Article SPECIAL TOPIC: Huazhong University of Science and Technology Materials Science
October 2010 Vol.55 No.30: 3436–3440 doi: 10.1007/s11434-010-3376-z
Modulation of synchronous calcium oscillations in hippocampal neurons by photostimulation of astrocytes with femtosecond laser ZHAO Yuan, LIU XiuLi, ZHANG Yuan, ZHOU Wei & ZENG ShaoQun* Britton Chance Center for Biomedical Photonics, Wuhan National Laboratory for Optoelectronics, Huazhong University of Science and Technology, Wuhan 430074, China Received February 27, 2010; accepted June 30, 2010
A large body of evidence indicates that astrocytes play an important role in a range of brain functions through calcium (Ca2+) signaling. Experimentally evoking Ca2+ signaling is a useful technique for investigating the functions of astrocytes. However, conventional stimulation methods typically have poor spatio-temporal precision, and some are invasive. Our group has developed a technique to overcome these problems, in which astrocytes are photostimulated with a femtosecond laser. In the current study, we applied this method to a hippocampal neural network to explore astrocytic functions in detail. The results revealed that applying photostimulation to astrocytes in a cultured hippocampal astrocyte-neuron network caused the following changes: (i) Synchronous Ca2+ oscillations in neurons were induced; (ii) spontaneous Ca2+ synchrony instantaneously emerged; and (iii) high-frequency spontaneous Ca2+ synchrony was regulated. Thus, astrocytic Ca2+ signaling evoked by photostimulation was found to modulate synchronous Ca2+ oscillations in hippocampal neurons. We propose that photostimulation with a femtosecond laser will serve as a powerful tool in investigating astrocytic functions at the network level. femtosecond laser, photostimulation, astrocyte, hippocampal neuron, synchronous calcium oscillation Citation:
Zhao Y, Liu X L, Zhang Y, et al. Modulation of synchronous calcium oscillations in hippocampal neurons by photostimulation of astrocytes with femtosecond laser.

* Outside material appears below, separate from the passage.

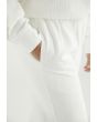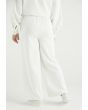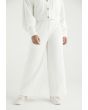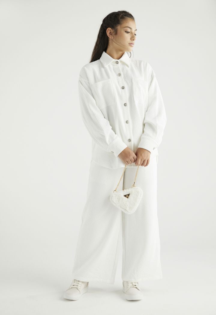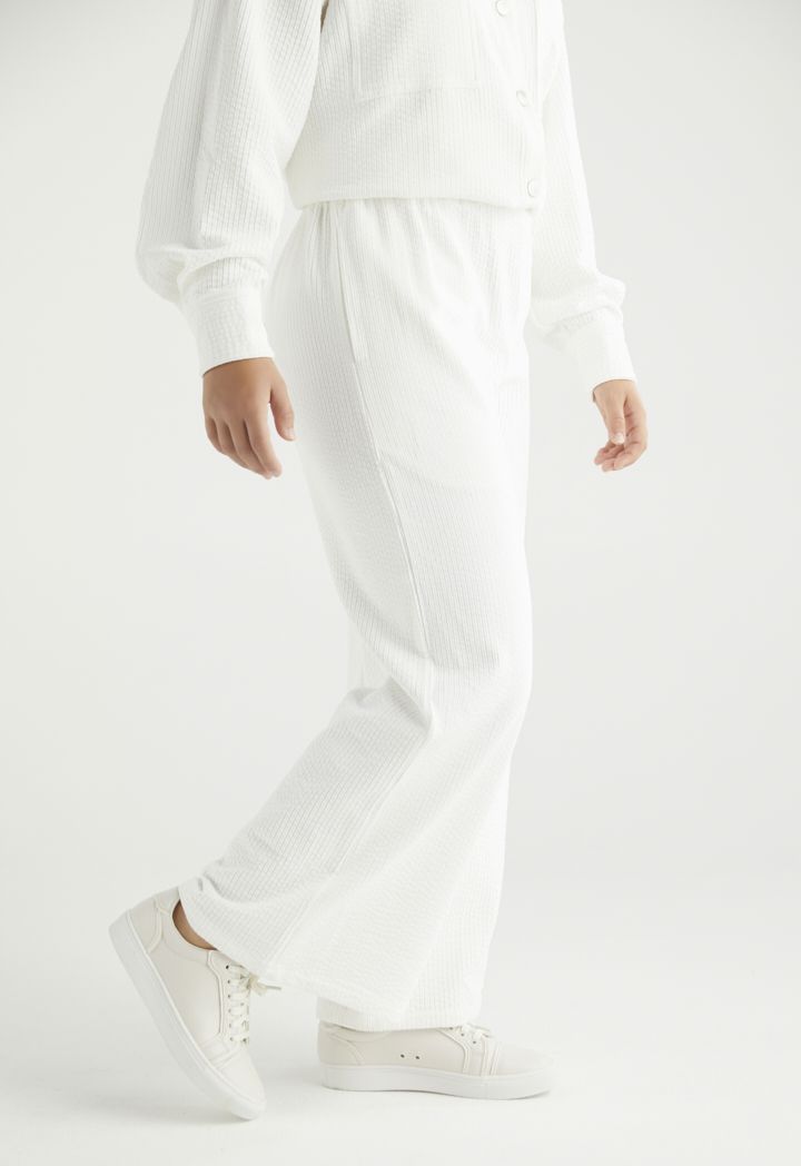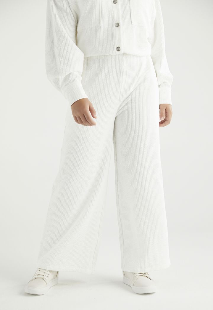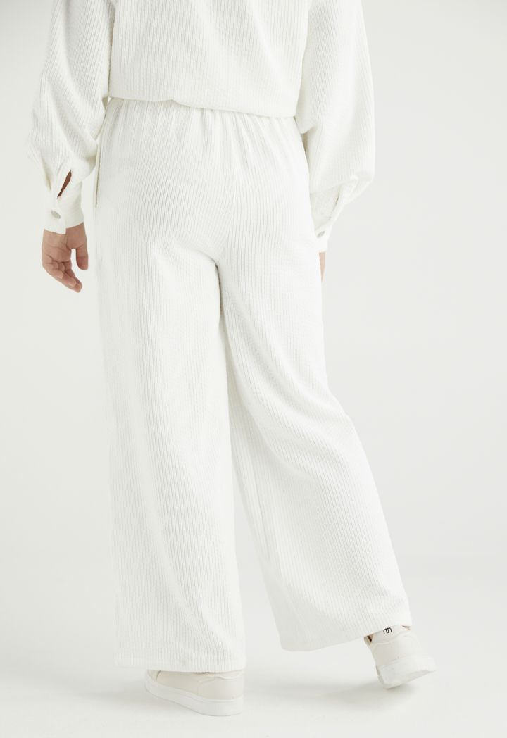 An alluring pair of pants that features a textured striped design and an elastic waist .

Chinese Sci Bull, 2010, 55: 3436−3440, doi: 10.1007/s11434-010-3376-z
The neural cells comprising neural systems include neurons and neuroglial cells (glials). The neuron is the primary cell in the neural system. The number of glials in the brain is 10–50 times greater than that of neurons. There are several subtypes of glials, and, of these, astrocytes are the most numerous. Astrocytes are widely distributed in the mammalian brain. It was traditionally believed that the function of astrocytes was limited to supporting and nurturing neurons by clearing neurotransmitters and balancing ion homeostasis. With the development of new techniques, an increasing number of studies have demonstrated that astrocytes play a range of more complicated and important roles in the brain [1–5] than previously believed. Unlike excitable cells, such as the neuron, astrocytes cannot generate action potentials. However, they express *Corresponding author (email:
[email protected])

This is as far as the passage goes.